If you can get down this way this weekend I'm pretty sure I can put you on your first speck...might not be a biggun, but I know a couple of spots that have been thick with spikes up to 14 inchers. I've also got a tip for a place a little further out where I've been told fish from 16"-20" are biting like the spikes where I fish.
:fishing:


----------



## Conrad (Feb 23, 2007)

Kaleb5000 said:


> well i got my yak this summer and started fishing salt my one and only goal was a redfish i watched fishing shows growing up and saw these guys down south catching reds and always wanted to do it. i accomplished a little more then first red i hope 2009 is even better.
> all from Kayak
> 1st redfish
> 1st speck
> ...



That's a good lists of firsts! One of my goals was to get a yak this year too...just money never worked out for me. I work in suppling the building industry...so that pretty much tells you where my money went!


----------



## Power Fisherman (Jun 4, 2007)

This year was a good one. I wanted to catch a nice tiger shark about 10 feet long. Got a 12 footer instead. Really nuts, guess we just got lucky that day. 










Here is the video on youtube: http://www.youtube.com/watch?v=_5bxbQFAoAg

Deaver


----------



## EyeScream (Sep 29, 2008)

Conrad said:


> If you can get down this way this weekend I'm pretty sure I can put you on your first speck...might not be a biggun, but I know a couple of spots that have been thick with spikes up to 14 inchers. I've also got a tip for a place a little further out where I've been told fish from 16"-20" are biting like the spikes where I fish.
> :fishing:


I truly appreciate your offer,in fact i am heading down to the banks tomorrow afternoon- Gilly21 and myself are heading out around 2 from raleigh. I am at his mercy though as we are heading down in his tackle shop on wheels.


----------



## Conrad (Feb 23, 2007)

Awesome with the 12 footer...I saw that on tx-sharkfishing. An old buddy of mine, Jay(NCSHARKER), used to be a regular fishing buddy of mine...but he moved to Wilmington and now I never hear from him anymore...I've fished with him twice this year, were we used to fish two or three days a week, and he'd crash on my couch all weekend...strange how people you think you know change on ya....Next year one of my goals is to get my own sharkin' set up...only problem is, I'm forced to be a team of one. If you don't have a boat or 4-wheel drive, it appears you're useless as a fishing buddy. Sad.


----------



## Conrad (Feb 23, 2007)

EyeScream said:


> I truly appreciate your offer,in fact i am heading down to the banks tomorrow afternoon- Gilly21 and myself are heading out around 2 from raleigh. I am at his mercy though as we are heading down in his tackle shop on wheels.

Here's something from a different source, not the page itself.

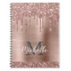 Modern, girly rose gold glitter drips name and monogrammed notebook. This design features blush pink rose gold glitter sparkle drips on pink brushed metal background with custom personalized monogram initial and first name text template. Perfect feminine gift. Please note, this design is printed photo effect. If you need help or matching items, please contact to me.

Well, I never get the offers, but it doesn't stop me from offering out what I can to my fellow fisherman. I fish EVERY weekend if I can...so it's an open invite.


----------



## Power Fisherman (Jun 4, 2007)

Conrad,

We all go throught stages in our lives when we fish and when we don't fish. I have fished with over 75 people I would consider as good friends, even if I do not call them regularly.

Deaver


----------



## TimKan7719 (Apr 4, 2008)

Conrad said:


> Tim, wow...sounds like you really helped make an impression for your kids there! I know my oldest daughter would love to be involved with that...heck, if you ever get bored, I'd like a shot at a striper bigger than my current biggest, which is my only one ever caught, which is 13" in length!!! lol


If you make it up to Northern VA its a deal, I have a 5 Bedroom house with only me at the moment and I love to fish. Or on a side note I am heading down to NC for Visit my older brother for christmas and going fishing with him the weekend after. So I will be in the OBX some were and hopefully catching fish, Dont know the location as of yet but he says we are going to catch fish( I think its his way of getting me to come visit so he can get more of my fishing gear.) But your more then welcome to come get some MD and Northern VA Stripers.


----------



## Conrad (Feb 23, 2007)

TimKan7719 said:


> If you make it up to Northern VA its a deal, I have a 5 Bedroom house with only me at the moment and I love to fish. Or on a side note I am heading down to NC for Visit my older brother for christmas and going fishing with him the weekend after. So I will be in the OBX some were and hopefully catching fish, Dont know the location as of yet but he says we are going to catch fish( I think its his way of getting me to come visit so he can get more of my fishing gear.) But your more then welcome to come get some MD and Northern VA Stripers.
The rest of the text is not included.